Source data
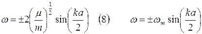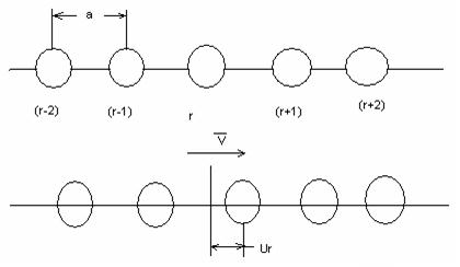 Атомы, имеющие массу m, расположены на расстоянии, а друг от друга. Для этой последовательности смещение атомов V, создаваемое волной, имеет смысл только в точках расположения атомов и не имеет смысла в промежуточных точках. Поэтому, смещение r -го атома записывается
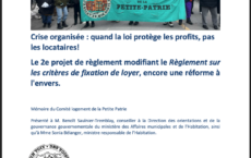 Les indices d’augmentation de loyer du TAL sont sortis. Ils sont élevés, plus encore que l’année passée qui était sans précédent. On parle d’un pourcentage de 5,9% pour un logement non chauffé et de 5,5% pour un logement chauffé à l’électricité, en plus du pourcentage des taxes municipales et scolaires et des travaux majeurs, […]
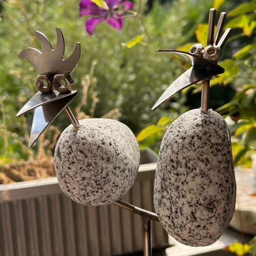 Steinvogel-Gartenstecker aus Edelstahl
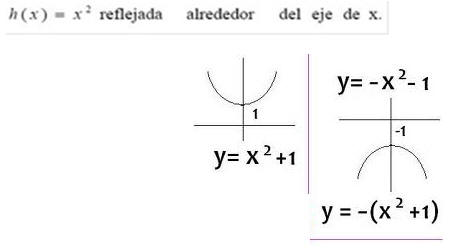 El otro tipo de transformación  que se da en las funciones es la reflexión.  Esta reflexión  se da alrededor de los ejes de x  ó  y.    Nota: Pueden ocurrir traslaciones y  reflexiones a la misma vez.
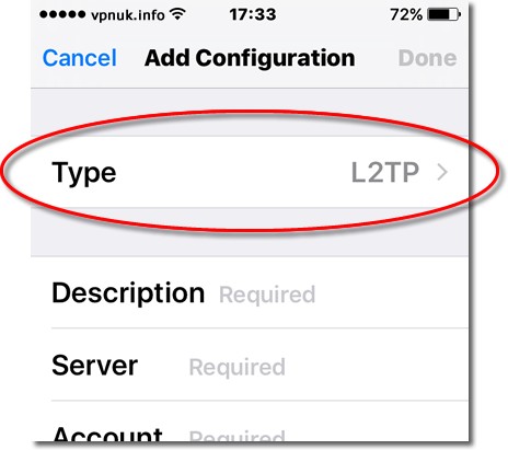 The ‘Add Configuration’ overview should now have the ‘Type’ set to ‘L2TP’.
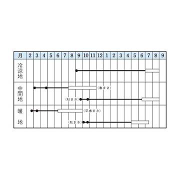 (例)10/上~12/下=10月上旬~12月下旬 9/中より順次=9月中旬より順次 - 1袋の種子粒数は、およその目安として表示しています。実際の粒数と多少差異がありますのでご了承ください。

◆ PROBLEM DETAILS ◆
What must be output is the exact run of lines from the one holding "El otro tipo" through the end of the entries above, both ends included, minus the pictures.

◆ SOLUTION FOR THIS PROBLEM ◆
 El otro tipo de transformación  que se da en las funciones es la reflexión.  Esta reflexión  se da alrededor de los ejes de x  ó  y.    Nota: Pueden ocurrir traslaciones y  reflexiones a la misma vez.
 The ‘Add Configuration’ overview should now have the ‘Type’ set to ‘L2TP’.
 (例)10/上~12/下=10月上旬~12月下旬 9/中より順次=9月中旬より順次 - 1袋の種子粒数は、およその目安として表示しています。実際の粒数と多少差異がありますのでご了承ください。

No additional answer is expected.